| Recorded data |

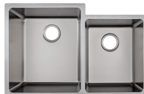
VSR-6040 Neró, 60/40, Stainless Steel

OUTSIDE DIMENSION 31" x 18" x 9" EACH BOWL Each: 14"x 16" x 9" INSTALLATION Undermount DRAIN SIZE 3 1/2" GAUGE 16G FINISH Stainless Steel NOTES Grids Available Kitchen
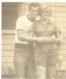
Photographed in 1952
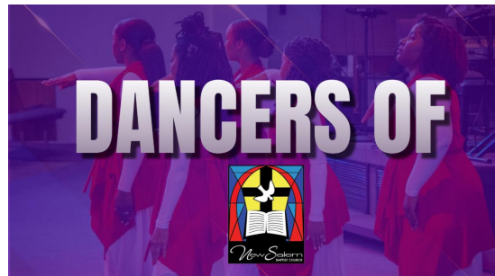
Click image to enlarge it and view in more detail.
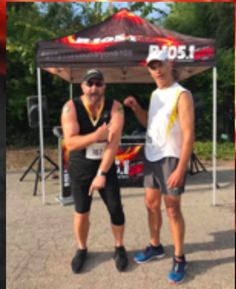
EMCEEING & RUNNING IN THE CINCINNATI ZOO CHEETAH RUN
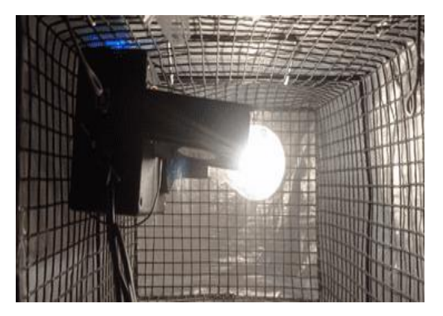
Fig 4. Display in the chick temperature stabilizer incubator
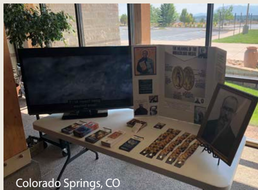
Colorado Springs, CO

nity of the Immaculate Conception. Let us keep in prayer everyone involved in offering the classes and the participants, that all may be totally consecrated to the Immaculata and become generous instruments in her Immaculate hands for the coming of the Kingdom of the Most Sacred Heart in all hearts!
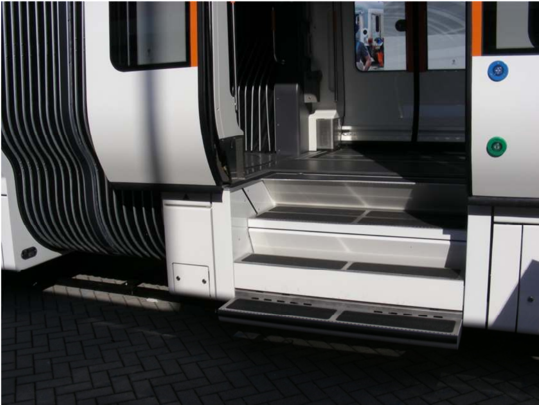
3. View of the unfolded steps of the wagon described in figure 2
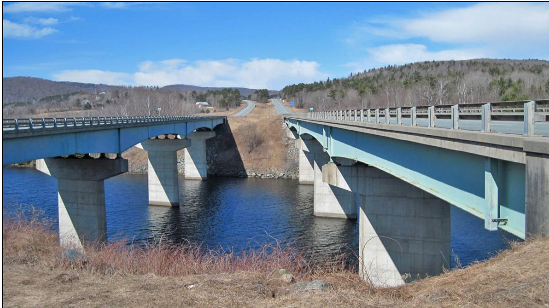
FIGURE 3: US I-93 Bridge, Littleton–Waterford, built 1976, 1981 (Historic Documentation Co. Inc. 2012).
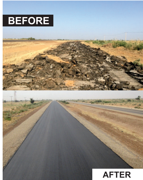
DUALIZATION OF KANO-MAIDUGURI ROAD
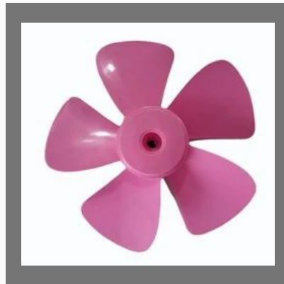
12" Fresh Air Fan Blade
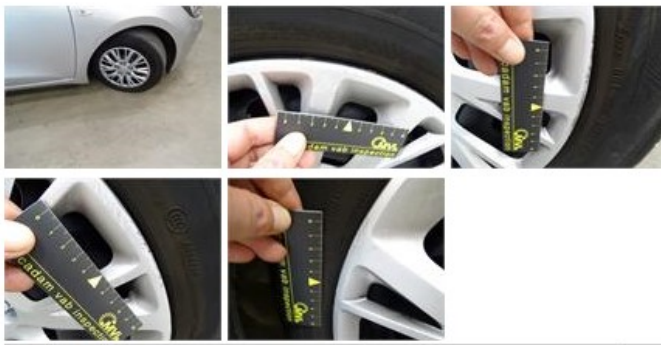
Wing F R, Bad repair, Acceptable 0,00

| Exercise requirements |
In your answer, print the entries above exactly, with the pictures left out.

| Task answer |
VSR-6040 Neró, 60/40, Stainless Steel

OUTSIDE DIMENSION 31" x 18" x 9" EACH BOWL Each: 14"x 16" x 9" INSTALLATION Undermount DRAIN SIZE 3 1/2" GAUGE 16G FINISH Stainless Steel NOTES Grids Available Kitchen
Photographed in 1952
Click image to enlarge it and view in more detail.
EMCEEING & RUNNING IN THE CINCINNATI ZOO CHEETAH RUN
Fig 4. Display in the chick temperature stabilizer incubator
Colorado Springs, CO

nity of the Immaculate Conception. Let us keep in prayer everyone involved in offering the classes and the participants, that all may be totally consecrated to the Immaculata and become generous instruments in her Immaculate hands for the coming of the Kingdom of the Most Sacred Heart in all hearts!
3. View of the unfolded steps of the wagon described in figure 2
FIGURE 3: US I-93 Bridge, Littleton–Waterford, built 1976, 1981 (Historic Documentation Co. Inc. 2012).
DUALIZATION OF KANO-MAIDUGURI ROAD
12" Fresh Air Fan Blade
Wing F R, Bad repair, Acceptable 0,00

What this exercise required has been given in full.